This week I was reminded why I was so fervently backing John Kerry for President. In a Washington Post article, Juliet Eilperin details how the Bush Administration is fighting off the scientists and their warnings about global warming.

State Department representatives have argued that the group, which has spent four years examining Arctic climate fluctuations, lacks the evidence to prepare detailed policy proposals.

So to grasp every loose nickel and dime for the energy industry, the Bush Administration is putting our (and their) children's inheritance at risk. There can be no other possible explanation, because we haven't seen the bar so high for evidentiary acceptability since the heyday of the tobacco industry.
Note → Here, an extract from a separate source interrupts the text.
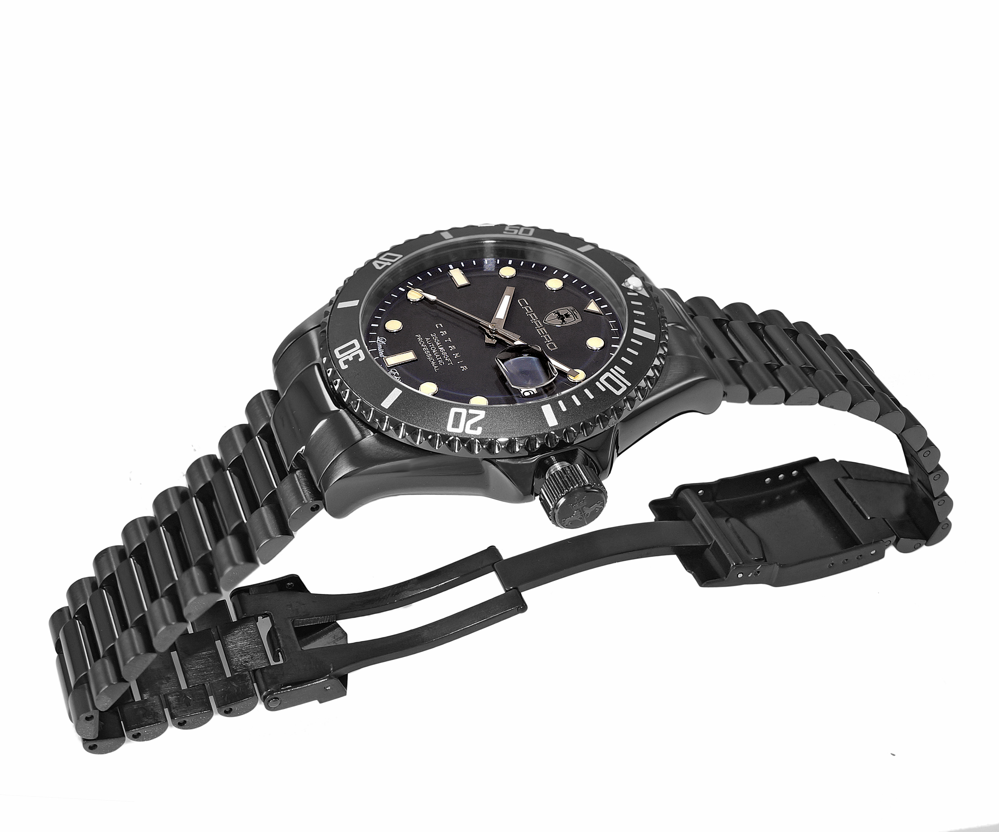 Lechateau Men's Automatic NH35 -21 JEWELS, Magnifying Date Dial with Exhibition Back, Black-IP - C1BK888BK Retail at (MSRP: $ 2,124.00)

And to super size their hypocrisy, the Administration claims that it opposes cutting carbon emissions "because it will cost jobs." Now the outsourcing apologists are "worrying" about jobs.
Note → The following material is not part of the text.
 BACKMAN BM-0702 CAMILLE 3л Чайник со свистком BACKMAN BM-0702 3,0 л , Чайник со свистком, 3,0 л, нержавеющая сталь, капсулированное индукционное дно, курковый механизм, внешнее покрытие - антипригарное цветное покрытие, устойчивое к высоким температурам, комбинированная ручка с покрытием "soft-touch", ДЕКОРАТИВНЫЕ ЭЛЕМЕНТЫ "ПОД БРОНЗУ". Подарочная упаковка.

And of course this is another issue where Bush is way out of step with the rest of the world and doesn't seem to give a rat's ass.

Some council participants have begun to grumble about U.S. resistance to articulating a global climate policy. One European negotiator said the administration is trying to "sidetrack the whole process so it is not confronted with the question, 'Do you believe in climate change, or don't you?' " He added that while the other member nations will try to press the United States on the matter in the final talks, "I cannot see any solution to this unless [the administration] clearly changes its position."

And there's not a snowball in the arctic's chance of the Administration changing their attitudes about this issue as long as the energy industry is heavily funding Republican campaigns, as long as the top echelon of the Administration are energy industry veterans and likely returnees and as long as the American public is transfixed by gay marriage and school prayer and seemingly blind to the substantive issues facing the country.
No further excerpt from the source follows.